::: Data in this exercise :::

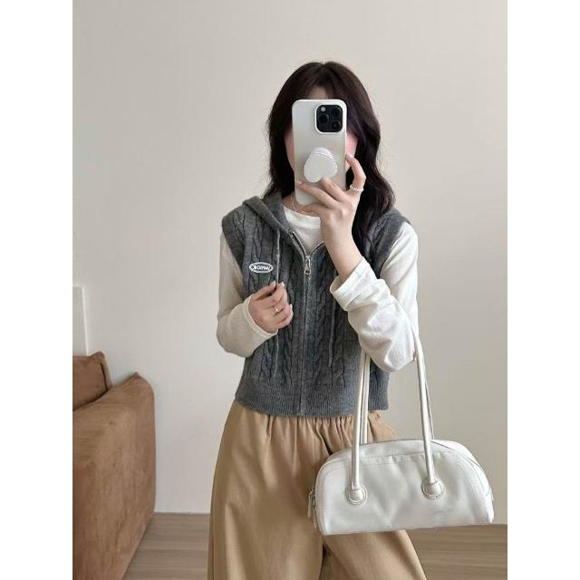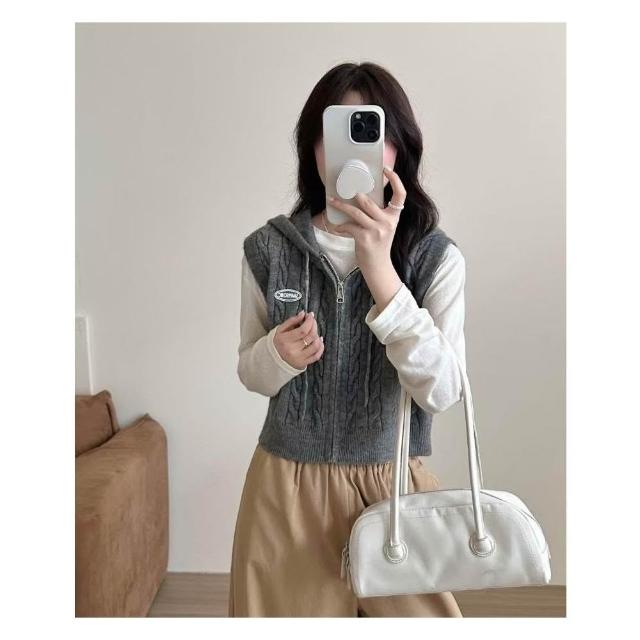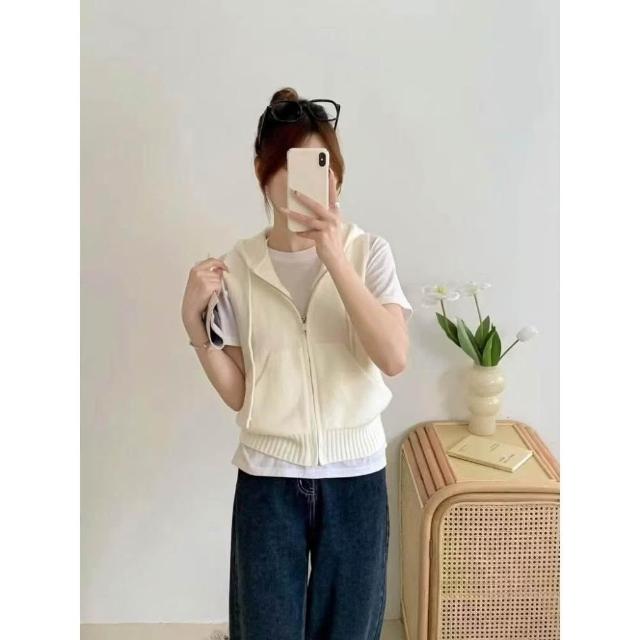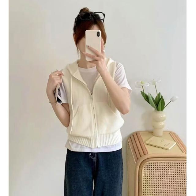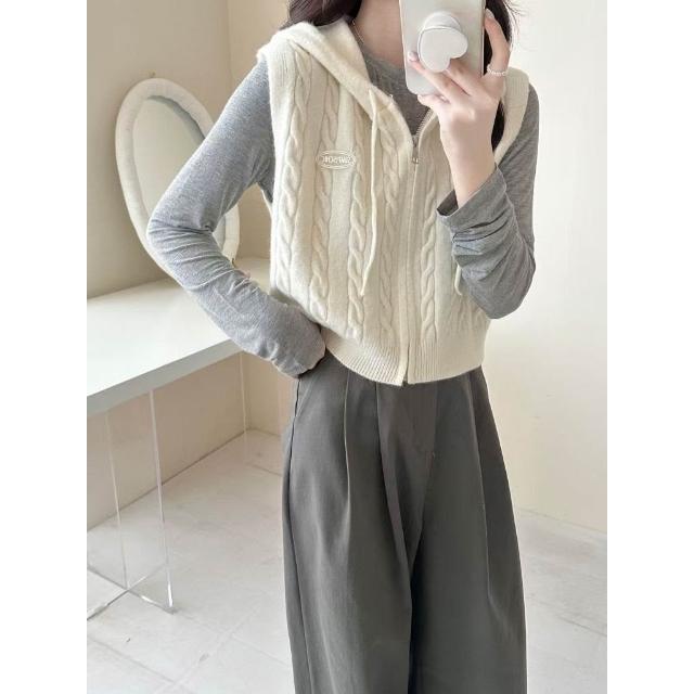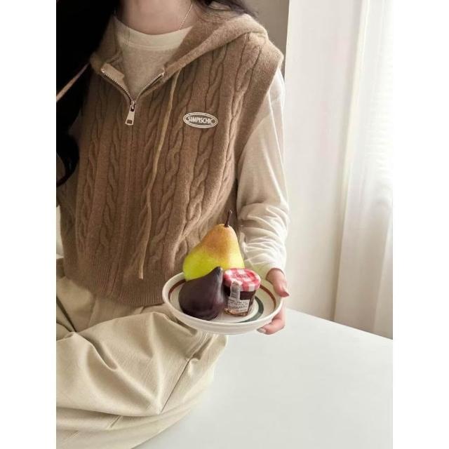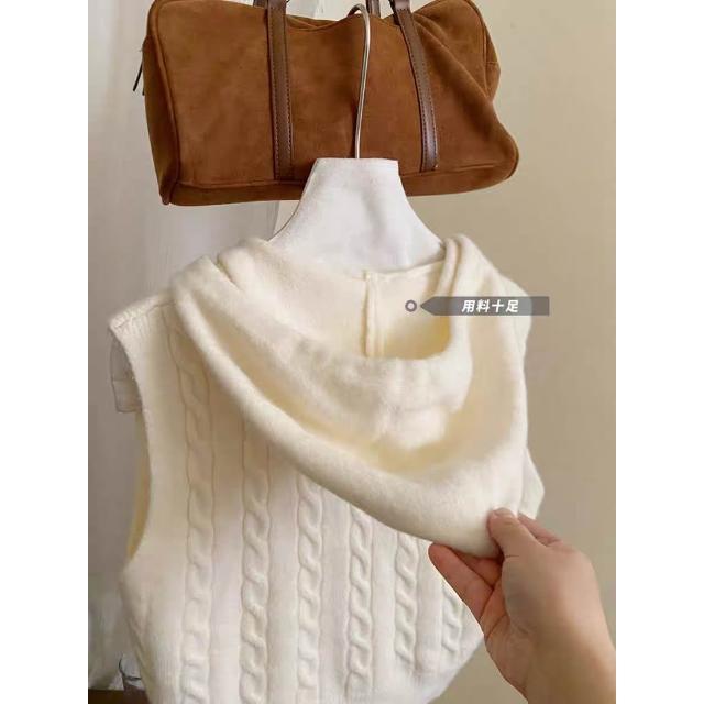 現貨 咖啡廳穿搭連帽麻花針織背心 層次穿搭 連帽背心 麻花針織 韓系背心 無袖毛衣 休閒針織 預購
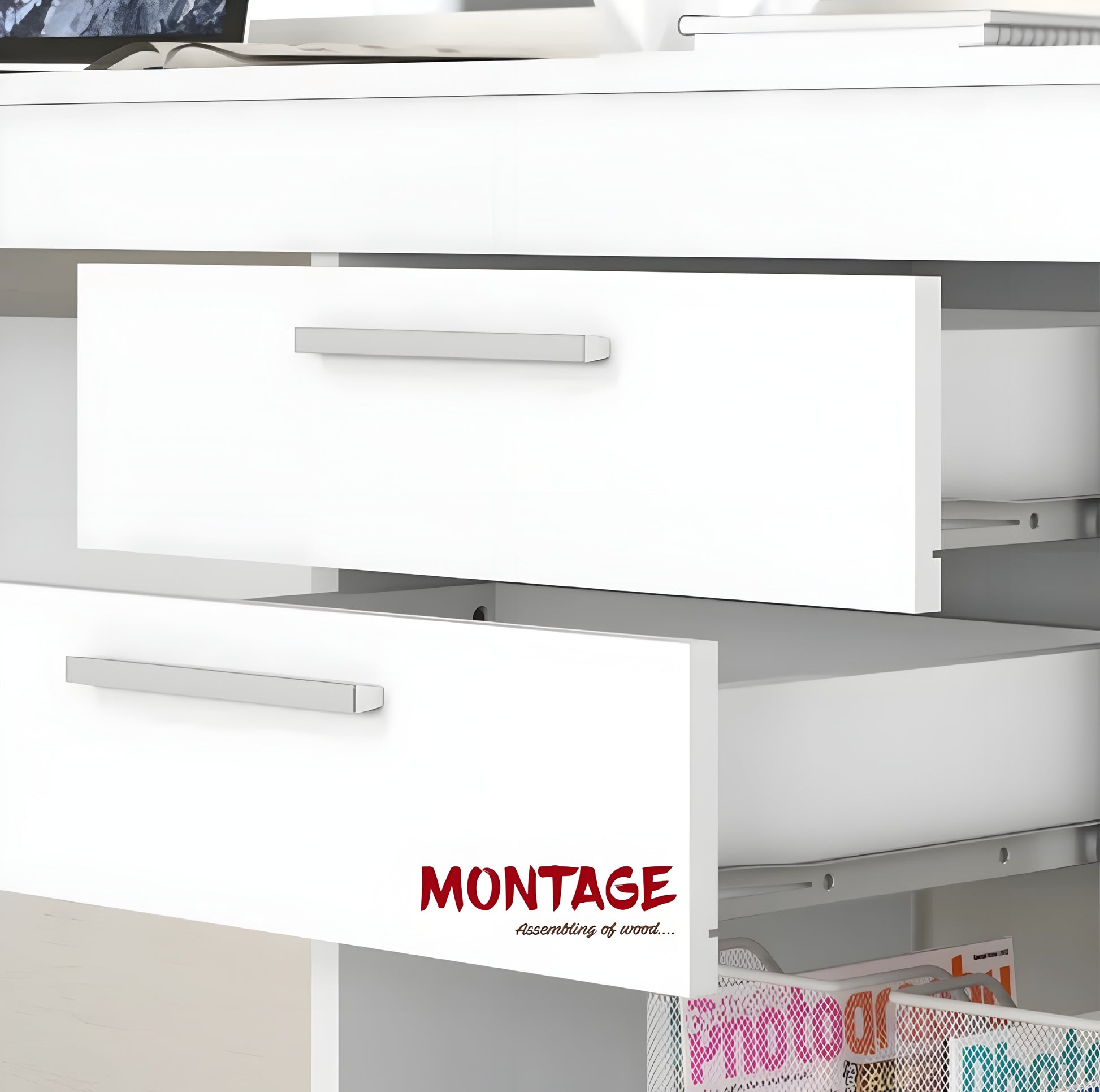 - Two convenient drawers for organizing supplies and keeping your workspace clutter-free. Whether used as a study desk, home office setup, or craft table, the MONTAGE Study Table adapts to meet various needs, making it a practical choice for students, professionals, or creatives.
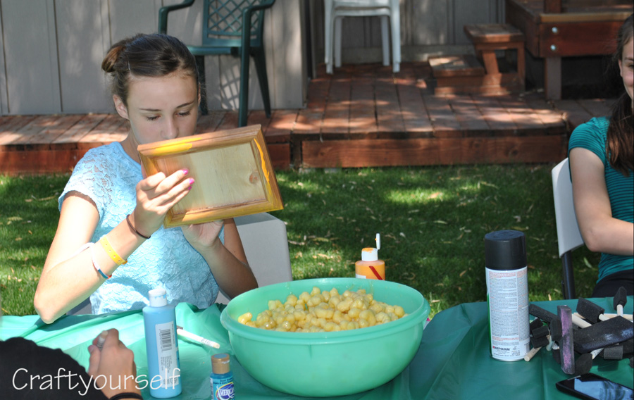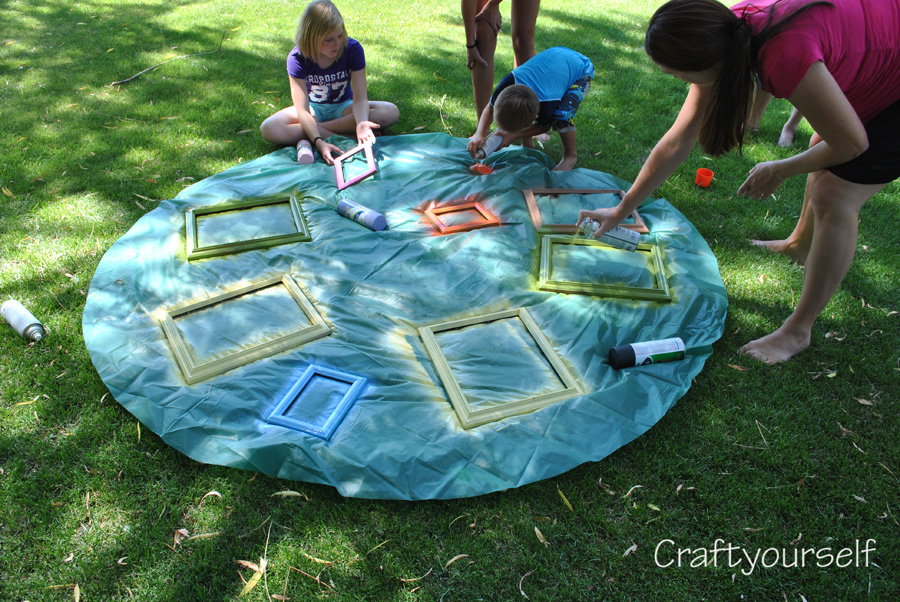 While the chalkboard spray paint dried we worked on painting our frames – this part was a little more difficult as the spray paint took forever to dry without being sticky due to the heat outside.
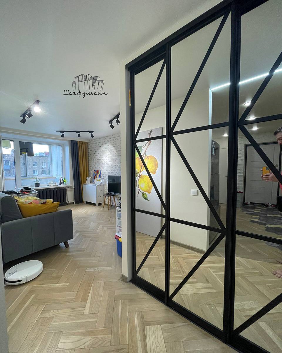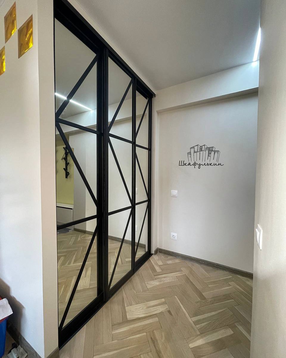 Двери-купе: 3 шт. / ITALUM CLASSIC-A, декор: Чёрный матовый / вставка : зеркало серебро.
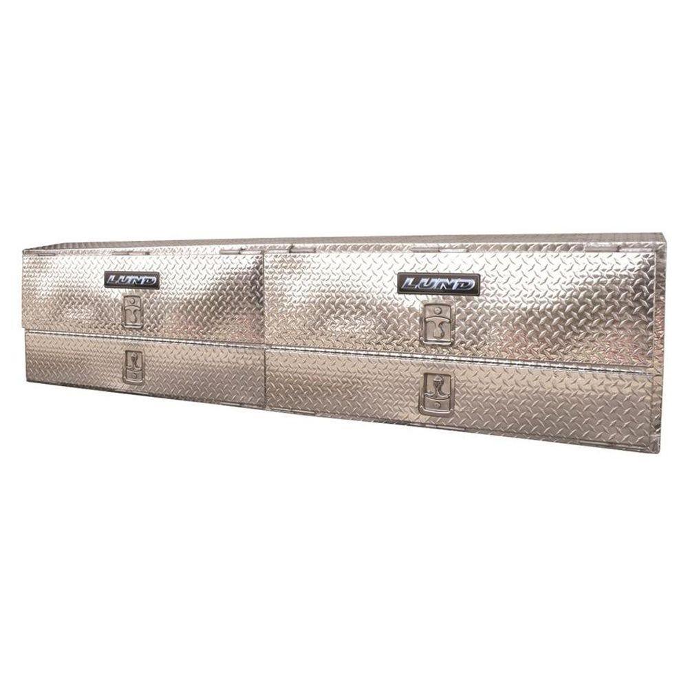 Lund 90 in Diamond Plate Aluminum Full Size Top Mount Truck Tool Box with mounting hardware and keys included, Silver
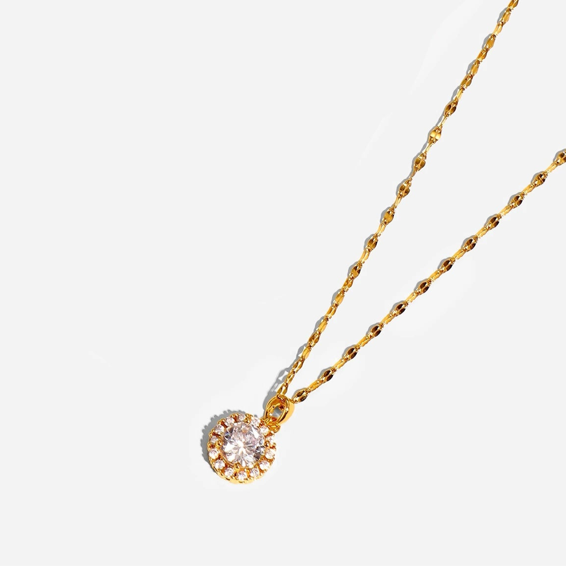 ステンレス304 低ニッケル 水に濡れても錆びにくい 18Kゴールドメッキ ネックレス チャーム ジルコニア 【YJ02570】
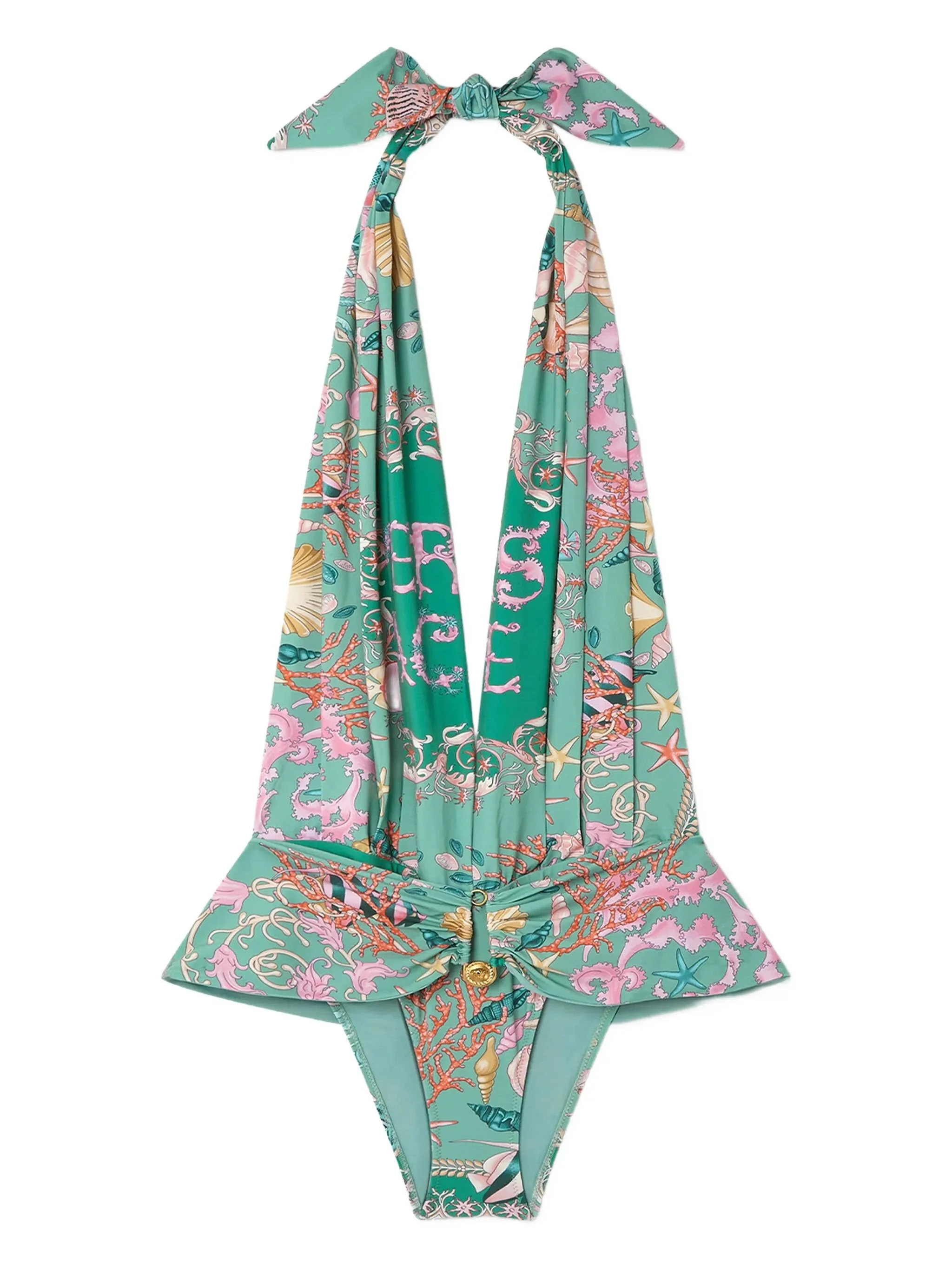 - sea green - halterneck tie fastening - signature Barocco print - signature Medusa Safety Pin detail - plunging V-neck - open back - Be mindful to try on swimwear over your own garments. Materials & Product Care Lining: Polyester 88%, Spandex/Elastane 12% Outer: Polyamide 90%, Spandex/Elastane 10%
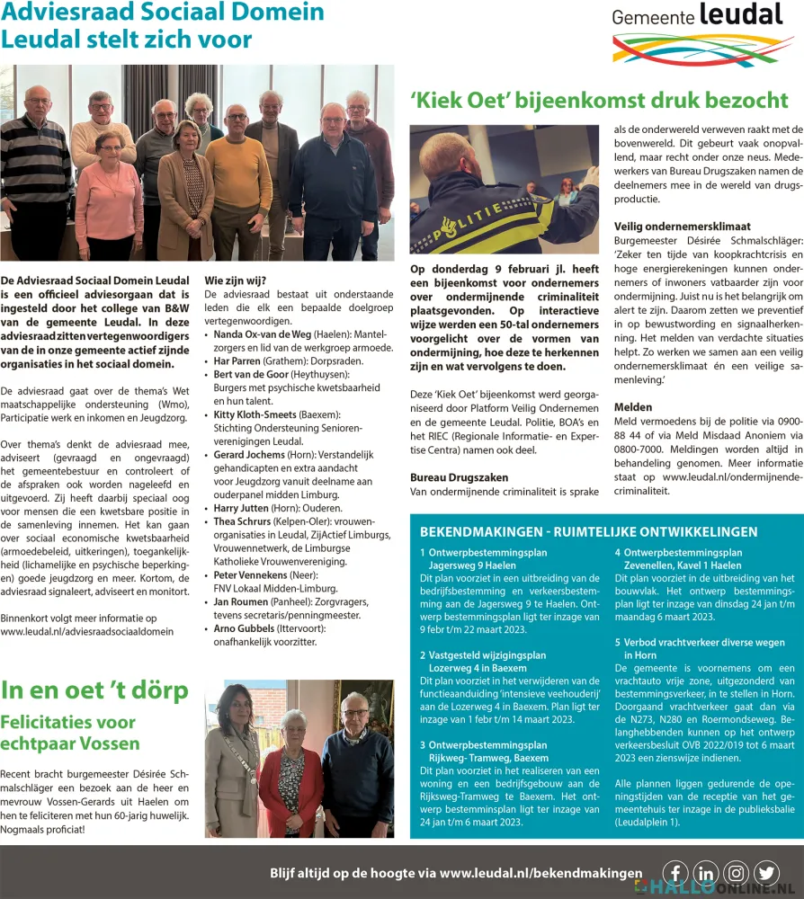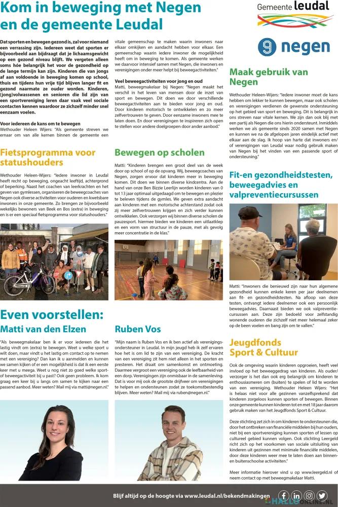 U vindt o.a. de maandelijks informatie, officiële bekendmakingen en nieuwsberichten in HALLO Magazine en op HALLO Magazine Online.nl
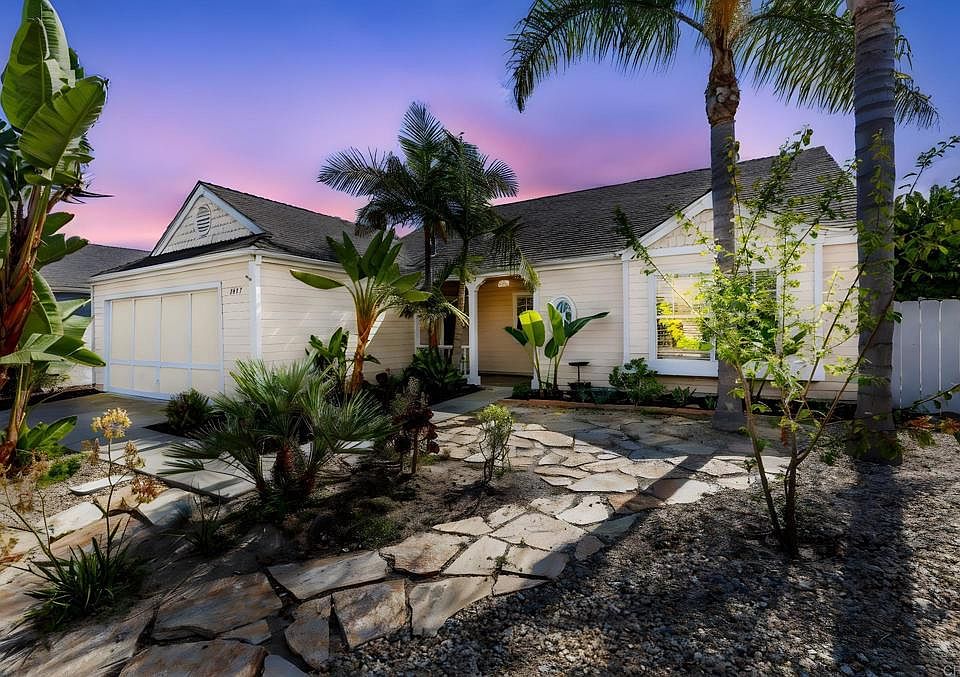 Coastal comfort meets modern ease in a great Oceanside location! At first glance, the xeriscape front yard creates the sense of curiosity to see more of this home. Once inside, the open airy floor plan invites both relaxation and connection, where the living room flows effortlessly into the kitchen area, where you'll always stay a part of the conversation. The kitchen supports ease of movement and plenty of work space where appliances are within reach. The Acacia wood floors capture the ambience as well as some carpeted areas of the home to accent the new paint that's been done recently. This home features 3 bedrooms where one can be an office space with French door entryway, and the 2nd and primary bedrooms, have ample space and comfort. You will also find one bathroom in the hallway for guests and another in the primary bedroom. Outside is a storage or exercise studio structure with A/C roomy enough to do just about anything that comes to mind. The large back yard is also a plus for family gatherings and parties, and let's not forget that you're just minutes from shopping and the beach that makes this location ideal and convenient. Another plus to this area, is there are no HOA'S.
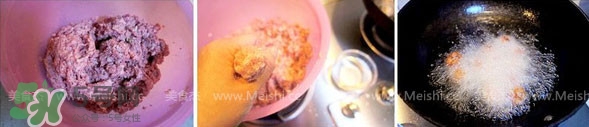 8.鍋邊放上一碗清水,將手沾濕,(這樣擠出的丸子比較光滑)左手抓上一把肉餡,將肉餡從食指與拇指之間擠出一個圓圓的丸子,用右手大拇指刮起肉丸放入油鍋中
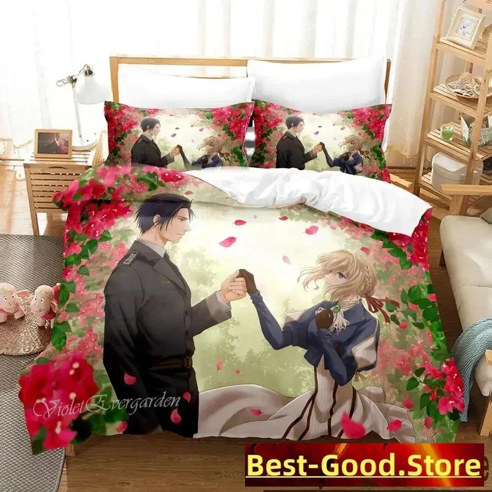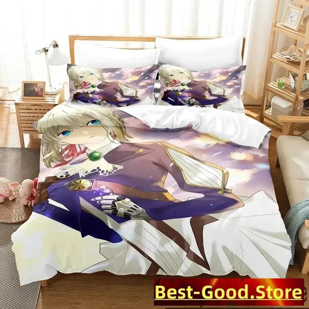 Аниме Вайолет Эвергарден Принтованный Постельный Набор Пододеяльник Наволочка Постельный Комплект Постельное Белье Простыня Покрывало Полный Двуспальный Королевский Размер

:::

## Exercise description
Copy exactly the lines of the entries above from the one containing "While the chalkboard" through the one containing "ステンレス304 低ニッケル 水に濡れても錆びにくい". Both end lines count; pictures do not.

## Finished exercise
 While the chalkboard spray paint dried we worked on painting our frames – this part was a little more difficult as the spray paint took forever to dry without being sticky due to the heat outside.
 Двери-купе: 3 шт. / ITALUM CLASSIC-A, декор: Чёрный матовый / вставка : зеркало серебро.
 Lund 90 in Diamond Plate Aluminum Full Size Top Mount Truck Tool Box with mounting hardware and keys included, Silver
 ステンレス304 低ニッケル 水に濡れても錆びにくい 18Kゴールドメッキ ネックレス チャーム ジルコニア 【YJ02570】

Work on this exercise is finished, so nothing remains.